Kuchisake-onna

Translating to the ‘slit-mouthed woman’, the Kuchisake-onna is one of the malevolent spirits of Japanese folklore known as onryō. Collectively, onryō are spirits of the dead still angry and resentful of how they were treated in life, driving them to take vengeance through the killing or mutilation of victims as vengeful ghosts. Other versions of the myth suggest that the Kuchisake-onna is one of the Yokai, generally malevolent supernatural creatures.

Unlike other common yokai, such as the kappa, the Kuchisake-onna is broadly human in appearance, resembling a woman with the lower half of her face concealed behind a mask. Approaching lone victims, usually at night, she will inquire if they find her attractive. If they say no, she will kill them with a bladed weapon, often a long pair of scissors or shears. However, if they respond positively she will remove the mask, revealing that the corners of her mouth have been split across her cheeks, almost reaching her ears. She then uses the same blade to carve their face to resemble her own.

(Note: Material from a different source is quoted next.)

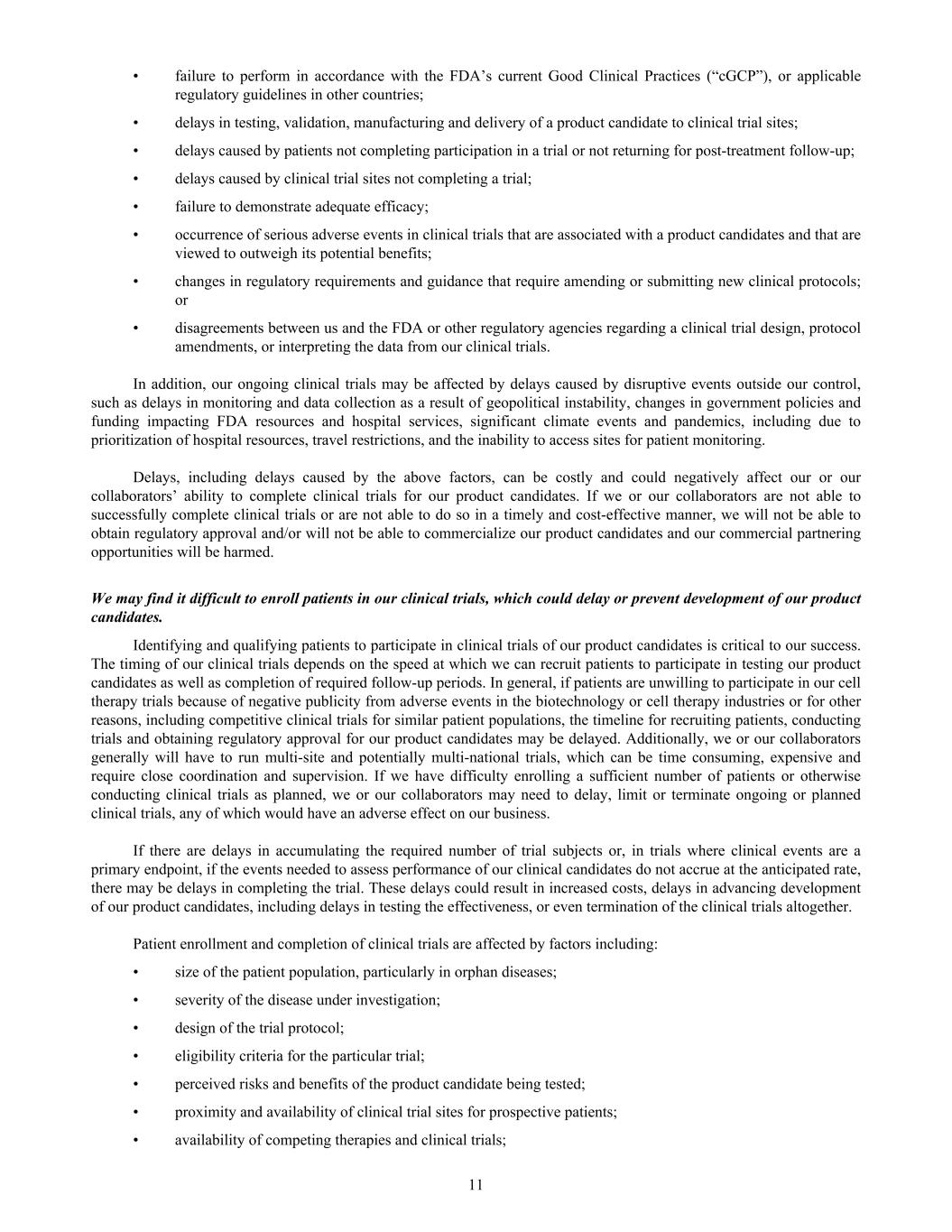 • failure to perform in accordance with the FDA’s current Good Clinical Practices (“cGCP”), or applicable regulatory guidelines in other countries; • delays in testing, validation, manufacturing and delivery of a product candidate to clinical trial sites; • delays caused by patients not completing participation in a trial or not returning for post-treatment follow-up; • delays caused by clinical trial sites not completing a trial; • failure to demonstrate adequate efficacy; • occurrence of serious adverse events in clinical trials that are associated with a product candidates and that are viewed to outweigh its potential benefits; • changes in regulatory requirements and guidance that require amending or submitting new clinical protocols; or • disagreements between us and the FDA or other regulatory agencies regarding a clinical trial design, protocol amendments, or interpreting the data from our clinical trials. In addition, our ongoing clinical trials may be affected by delays caused by disruptive events outside our control, such as delays in monitoring and data collection as a result of geopolitical instability, changes in government policies and funding impacting FDA resources and hospital services, significant climate events and pandemics, including due to prioritization of hospital resources, travel restrictions, and the inability to access sites for patient monitoring. Delays, including delays caused by the above factors, can be costly and could negatively affect our or our collaborators’ ability to complete clinical trials for our product candidates. If we or our collaborators are not able to successfully complete clinical trials or are not able to do so in a timely and cost-effective manner, we will not be able to obtain regulatory approval and/or will not be able to commercialize our product candidates and our commercial partnering opportunities will be harmed. We may find it difficult to enroll patients in our clinical trials, which could delay or prevent development of our product candidates. Identifying and qualifying patients to participate in clinical trials of our product candidates is critical to our success. The timing of our clinical trials depends on the speed at which we can recruit patients to participate in testing our product candidates as well as completion of required follow-up periods. In general, if patients are unwilling to participate in our cell therapy trials because of negative publicity from adverse events in the biotechnology or cell therapy industries or for other reasons, including competitive clinical trials for similar patient populations, the timeline for recruiting patients, conducting trials and obtaining regulatory approval for our product candidates may be delayed. Additionally, we or our collaborators generally will have to run multi-site and potentially multi-national trials, which can be time consuming, expensive and require close coordination and supervision. If we have difficulty enrolling a sufficient number of patients or otherwise conducting clinical trials as planned, we or our collaborators may need to delay, limit or terminate ongoing or planned clinical trials, any of which would have an adverse effect on our business. If there are delays in accumulating the required number of trial subjects or, in trials where clinical events are a primary endpoint, if the events needed to assess performance of our clinical candidates do not accrue at the anticipated rate, there may be delays in completing the trial. These delays could result in increased costs, delays in advancing development of our product candidates, including delays in testing the effectiveness, or even termination of the clinical trials altogether. Patient enrollment and completion of clinical trials are affected by factors including: • size of the patient population, particularly in orphan diseases; • severity of the disease under investigation; • design of the trial protocol; • eligibility criteria for the particular trial; • perceived risks and benefits of the product candidate being tested; • proximity and availability of clinical trial sites for prospective patients; • availability of competing therapies and clinical trials; 11

As with many folklore tales, the origin of the Kuchisake-onna varies significantly between versions. The most common is that in life she was the wife of a samurai. On finding that she had been unfaithful, her husband carved her mouth open as punishment. Alternatively, she was the favoured concubine of a powerful lord, before jealous rivals mutilated her face. More modern tellings suggest that she underwent a dental procedure that went wrong, driving her mad when she saw her new appearance. Finally, rather than her having originally been a human woman, some tales suggest that she was something else entirely, her unnaturally wide mouth filled with alien, needle-sharp teeth.

Usually, Kuchisake-onna repeats her question (generally translated as ‘am I beautiful?’) twice. The first time, she kills those who say no outright, whereas if they say yes, she will remove her mask and repeat her query. Those that change their mind on seeing her disfigurement, or who recoil or scream, are killed. If the victim reaffirms their belief that she is beautiful, she will cut open the corners of their mouth, but otherwise leave them alive. Another version states that those that say yes twice are initially spared, only for her to visit them that night to kill them in their sleep. The few tales that see a potential victim survive involve them stalling for enough time to escape by describing her as just average in appearance, or by distracting her with money or a popular kind of boiled sweet known as bekko ame.

 Historians believe that tales of Kuchisake-onna originally date back to the Edo period, emerging between the 17th and 19th centuries. The legend saw a resurgence after a number of newspaper stories in early 1979, resulting in a brief period of public hysteria that reportedly saw young children escorted to and from school.